According to the invention, the starting method comprises a deactivation step (E3) of the vehicle air conditioning compressor to remove or reduce the withdrawal of engine torque to the air conditioning compressor.

The invention finds its application in the field of the automobile industry.

E4

E5

E6

METHOD FOR STARTING A VEHICLE, PARTICULARLY A MOTOR VEHICLE, COMPRISING A DRIVE UNIT automatic, robotic or piloted.

It is known to integrate into vehicle control means a method for starting the latter implemented by these control means, and as soon as the driver releases the brake pedal, the heat engine turns to idling and the first gear is engaged. This starting process is implemented as long as the coupling member of the engine and the gearbox is not fully engaged in order to allow the transmission of the engine torque to the wheels of the vehicle via the gearbox. . We then say that the vehicle is in the "takeoff" phase as long as the coupling device slips and the vehicle has not reached a determined speed. As soon as this determined speed is reached by the vehicle, then the starting process is deactivated.

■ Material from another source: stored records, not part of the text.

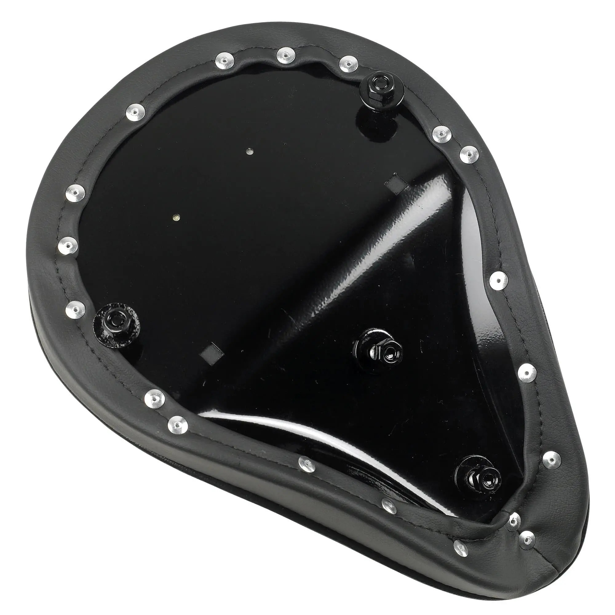 This Traditional solo seat is 9-1/2″ wide by 13″ long, a perfect fit for that lane-splitter your are building. These seats are USA made start-to-finish in Centerville, Indiana at Sully’s Customs. Steel pan and hardware, with black powdercoated finish, 2″ foam and a high-quality naugahyde cover.
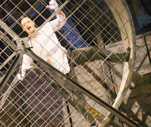 Kai Börner als Macheath dekorativ abstrampelt. Ein solches
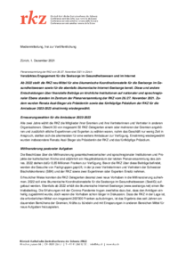 Medienmitteilung, frei zur Veröffentlichung Zürich, 1. Dezember 2021 Plenarversammlung der RKZ vom 26./27. November 2021 in Zürich Verstärktes Engagement für die Seelsorge im Gesundheitswesen und…
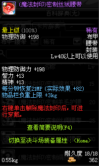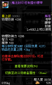 | 55 | 圣物 :控魂女神的绢丝腰带 | *Lv53~61普通地下城怪物掉落 |
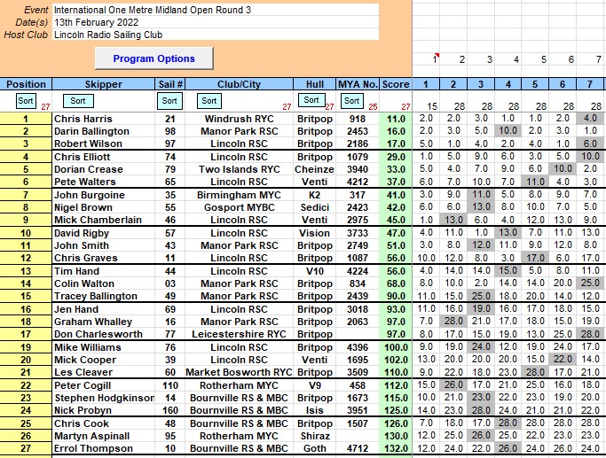 I was getting a bit cold and wet at this stage so handed the heat boat reigns over to Jackie and said my goodbyes to everyone and set out for home. Looking at the scoresheet the PRO managed to get 7 races completed in the allotted time, which was good going, and so on behalf of the skippers I would like to say thank you to all the members of Lincoln RSC for hosting the event, and I very much hope that you have dried off and had a few minutes to put your feet up. There was a lot of walking for everyone today. Gordon Sears Webmaster Midlands

However, this method does not take into account the fact that the amount of engine torque available at a given time is variable. Thus, a drop in the available engine torque, because part of the engine torque is taken up by another member of the vehicle, lengthens the slip time of the coupling member and therefore lengthens the delay in transmitting torque from the engine to the wheels. drive through the gearbox, which extends the implementation time of the starting process. In the particular case of starting on a hill, for example on a slope greater than 15%, excessive lengthening of the starting process can cause a significant backward movement of the vehicle, which can result in a collision with another vehicle.

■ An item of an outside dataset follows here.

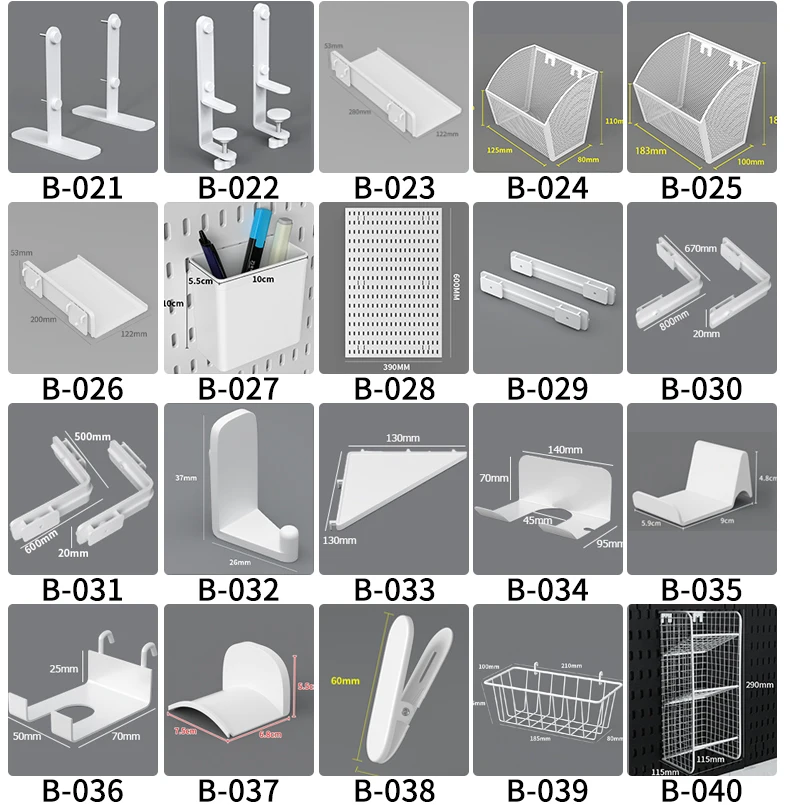 Pannello forato multifunzionale a parete senza punzonatura, perfetto per riporre l’elettronica domestica/ufficio come tastiere e mouse.

The present invention aims to overcome the above drawbacks of the prior art.

To achieve this object, the invention relates to a method of starting a vehicle, in particular an automobile, comprising an air conditioning compressor, a powertrain comprising a heat engine and a gearbox, the method being implemented by vehicle control means and successively comprising the steps of:

• Detection by means of vehicle detection of the release of the brake pedal when the engine is at idle speed and the driver controls the engagement of the first gear via the gearshift lever located in the passenger compartment of the vehicle, • Detection of the activated or deactivated condition of the air conditioning compressor, • Deactivation of this air conditioning compressor if the air conditioning compressor is activated, to remove or reduce a torque drawdown from the heat engine to the air conditioning compressor, • Control of the increase in engine speed to a target speed value to allow the vehicle to start, • Progressive engagement of a controlled coupling member of the engine and the gearbox to allow the transmission of engine torque to vehicle wheels via the gearbox, • Reactivation of the air conditioning compressor tion when the vehicle speed reaches a determined value, if the air conditioning compressor was activated during the detection step of its activated state or not.

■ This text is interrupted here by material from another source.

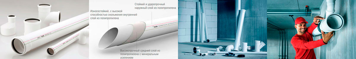 Например, полимерные трубы состоят из трех слоев, средний слой отличается не только повышенной прочностью, но и обладает шумопоглощающим эффектом. Снижению шума при эксплуатации канализационной сети Raupiano Plus способствуют специальные хомуты, с помощью которых канализационные трубы фиксируются на стенах.
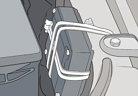 Open the hood of the vehicle. You can find the hood release near your left leg when you’re sitting in the driver’s seat of the vehicle. Pull it toward you to release it. At the front of the car, use your hands to release the safety lever holding the hood closed. Then lift the hood up to open it. If you have trouble finding the hood release or the safety lever in your specific vehicle, refer to the owner’s manual or manufacturer’s website for help.

In another feature, the air conditioning compressor comprises a disengageable pulley via a clutch, this pulley being disengaged via the opening of the corresponding clutch by the vehicle control means to deactivate the compressor. air conditioning during the aforementioned detection step.

In another feature, the air conditioning compressor is of variable displacement and in that, to deactivate the air conditioning compressor during the aforementioned detection step, the displacement of the air conditioning compressor is adjusted by the control means to a displacement value not exceeding five percent of the maximum displacement of the air conditioning compressor.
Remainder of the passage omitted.